Doc-GCN: This model uses a heterogeneous graph approach, constructing multiple graphs for each document page, with each graph capturing different aspects of node features (syntactic, semantic, text density, visual appearance).²² GCNs are applied to each graph, features are integrated using pooling, and final classification is done via MLPs.²² Doc-GCN reported state-of-the-art results on PubLayNet, FUNSD, and DocBank at the time of its publication (COLING 2022).²²
Paragraph2Graph: This framework proposes a language-independent GNN model designed for adaptability, particularly for scenarios requiring strict separation between layout components.¹⁹ It emphasizes modularity in node definition, edge definition, graph sampling, GNN architecture, and task-specific layers.¹⁹ It claims competitive results and good generalization across languages, suggesting layout structure diversity is more critical than language itself for its approach.¹⁹
Strengths and Weaknesses: GNNs excel at explicitly modeling the relational structure within documents and can efficiently leverage readily available PDF metadata.¹² They are often significantly more lightweight and computationally efficient than large Transformer models.¹² They can enforce clean separation between components ¹⁹ and potentially offer better language independence.¹⁹ However, their performance can be highly dependent on the quality of the initial node features derived from OCR or PDF parsing. They may struggle with purely visual elements (like figures or complex table borders) if not combined with strong visual feature extractors.¹⁷ While competitive, especially on text-centric tasks or when efficiency is paramount, their overall mAP on diverse benchmarks like DocLayNet generally lags behind the top-performing vision-centric or multimodal Transformer models when used standalone, although ensembles incorporating GNNs can be very effective.¹²
Connect with me on X (Twitter)

E. Specialized and Hybrid Architectures (RoDLA, DLAFormer, Ensembles)

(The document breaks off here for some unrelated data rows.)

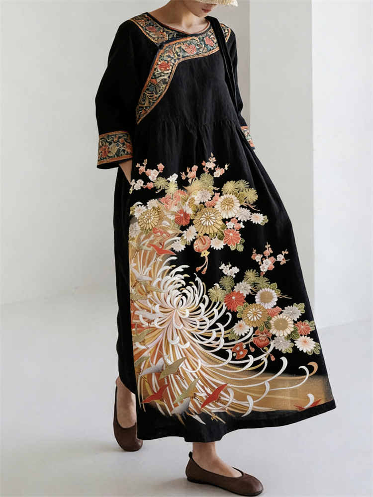 Japanese Chrysanthemum Floral Art Ethnic Linen Maxi Dress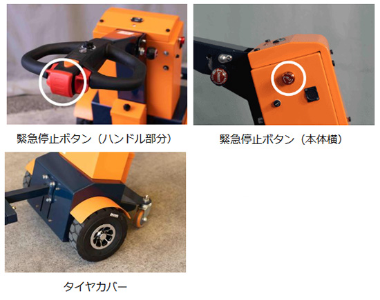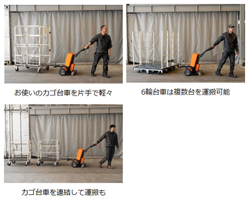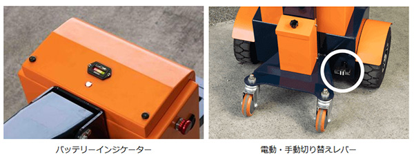 | 楽しく、らくらく、快適に! ・作業が圧倒的に楽になる ・女性やシニアの方も簡単に使える ・作業が楽しくなる 「体力的にキツイ…」「重量物の運搬が危ない…」など現場の様々な悩みの声に応えるべく電動アシスト牽引車が登場。 お使いの台車に取り付ければ牽引らくらく!過酷な物流現場に救世主現る! ![]() ■特徴 ●単操作!速度調整ラクラク! M2559ETV2-1000KGはスイッチを押して電源オン。 前進・後退はスロットルを回すだけなので、初めての方でも操作は簡単です。 速度はつまみで無段階調整できます。 ![]() ●1t(1,000kg)もラクラク牽引! 電動アシスト牽引車「パワフルバディ」は水平使用時に1t(1,000kg)までの重量物を牽引可能です。 大変だった重量物の運搬も軽々運べます。 ※使用環境により最大牽引重量が異なります。 ![]() ●家庭用コンセントでラクラク充電! M2559ETV2-1000KGは家庭用電源プラグ(8~10時間の充電)で最大6時間稼働します。 家庭用コンセントで充電できるので、手軽にご利用いただけます。 ![]() ●バッテリー残量 簡単確認! M2559ETV2-1000KGのハンドル近くにあるバッテリーインジケーターで残量を確認できます。 充電が切れてしまった際は、足元のレバーを下げると手動で移動可能です。 ![]() ●安全対策も充実!もしもの時も安心! M2559ETV2-1000KGのハンドル部分と本体横に緊急停止ボタンがあります。 さらにタイヤカバーがあるので事故防止に繋がります。 ![]() ●アタッチメント本体取付部は2種類! M2559ETV2-1000KGのアタッチメント本体取付部は固定式と可動式の2種類が付いてくるので、ご利用用途に合わせてご使用いただけます。 ![]() ■用途 台車に積載した重量物の運搬など ■仕様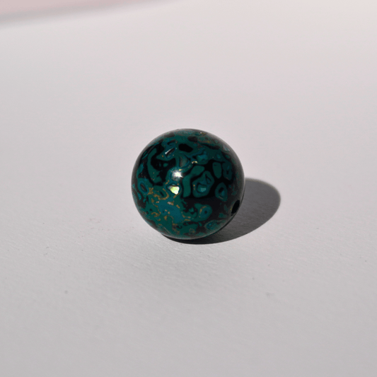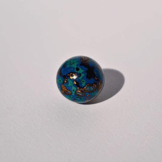 Indigo Gold Ritual Bead – Deep Blue Botanical Resin Bead with Gold Accent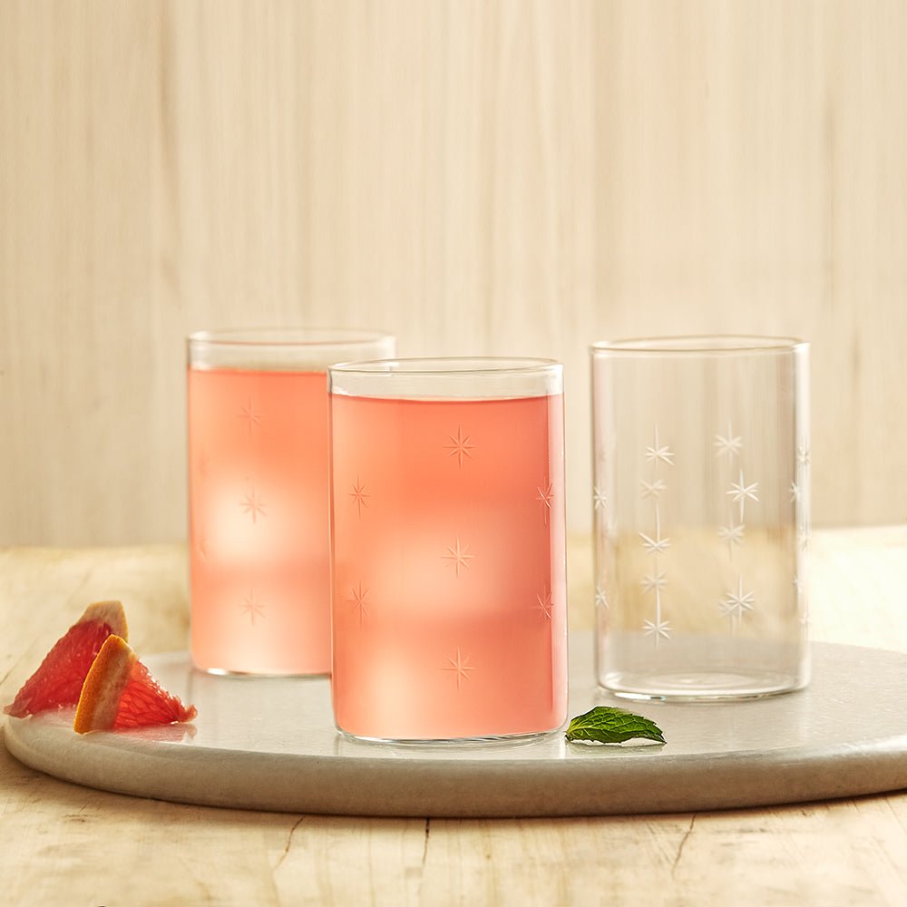 The star motif etched into the glass can add a dash of spark to any occasion, or even to just brighten your day! This 100% borosilicate glass will retain its sparkle after years of repeated use and is a perfect addition to your glass collection! The glasses are microwave and freezer safe, making them convenient along with being so incredibly beautiful.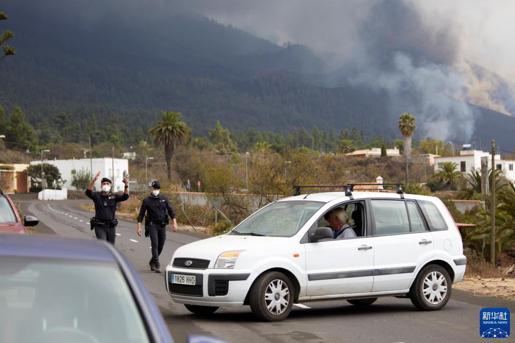 9月24日,警察在西班牙拉帕尔马岛老昆布雷火山附近封锁道路。新华社记者 孟鼎博 摄

Beyond the major architectural categories, several specialized or hybrid approaches have emerged, often targeting specific challenges like robustness or integrating multiple DLA tasks, and frequently achieving top benchmark performance through combining the strengths of different models.

RoDLA (Robust Document Layout Analyzer): This model is specifically engineered to be robust against the various perturbations commonly found in real-world document images.²¹ Its architecture builds upon the strong DINO object detection framework but incorporates modifications to enhance robustness.⁴² Key additions include using the powerful InternImage backbone and integrating channel attention mechanisms alongside self-attention in the Transformer encoder, coupled with average pooling layers.⁴² These additions are designed to help the model focus on perturbation-insensitive features. RoDLA achieves state-of-the-art scores on robustness benchmarks (PubLayNet-P, DocLayNet-P, M6Doc-P) using the mRD metric and shows significant mAP improvements over baseline models on these perturbed datasets.⁴² It also demonstrates strong performance on clean datasets, achieving 96.0% mAP on PubLayNet.⁴⁵
DLAFormer: This model represents an effort towards a unified, end-to-end solution for multiple DLA sub-tasks within a single Transformer framework.¹⁵ It tackles graphical object detection (tables, figures), text region detection, logical role classification, and reading order prediction simultaneously by casting them as relation prediction problems.¹⁵ Built upon a DETR-inspired encoder-decoder architecture, it uses novel type-wise queries to handle the diverse types of page objects and relationships.¹⁵ DLAFormer reported superior performance compared to previous multi-branch or multi-stage approaches on the DocLayNet and Comp-HRDoc benchmarks.¹⁵
Hybrid Approaches: Several top-performing systems combine elements from different architectural paradigms. One such approach, presented at ICDAR 2024, utilizes an advanced Transformer-based object detector (like DINO) with a ResNet-50 backbone, but enhances it with a novel query encoding strategy and a hybrid one-to-one/one-to-many matching scheme during training.³ This combination achieved state-of-the-art mAP scores on PubLayNet (97.3%), DocLayNet (81.6%), and the PubTables dataset (98.6%) at the time of publication.³ Another effective hybrid strategy involves using a strong top-down detector (like DINO) for graphical objects (tables, figures) while employing a separate bottom-up model (potentially sharing the same backbone) to detect and classify text regions based on text lines, which can better handle fine-grained text structures and reading order.⁶⁵ This approach also reported state-of-the-art results on DocLayNet and PubLayNet.⁶⁵
Ensemble Methods: Combining the predictions of multiple diverse models is a well-established technique for boosting performance, particularly in competitive settings.¹² The winning WeLayout system in the ICDAR 2023 Robust Layout Segmentation competition used a sophisticated ensemble of DINO and YOLO models, employing techniques like Weighted Box Fusion and Bayesian optimization to find optimal ensemble parameters, achieving 70.0% mAP on the challenging competition dataset.⁶⁶ Similarly, the GLAM+YOLOv5x6 ensemble demonstrated a significant boost over standalone models on DocLayNet, reaching 80.8% mAP.¹²

The prevalence and success of hybrid and ensemble methods underscore the idea that different architectures possess complementary strengths. For instance, Transformer-based detectors like DINO might excel at complex global layouts and graphical objects, while faster detectors like YOLO might be efficient for simpler objects or serve as a diverse component in an ensemble. GNNs bring strengths in modeling explicit text structure and efficiency. Combining these diverse capabilities often leads to higher overall accuracy and robustness than any single model can achieve alone, especially on complex and varied datasets like DocLayNet or competition benchmarks. This suggests the field is still exploring the optimal combination of techniques rather than having settled on a single definitive architecture.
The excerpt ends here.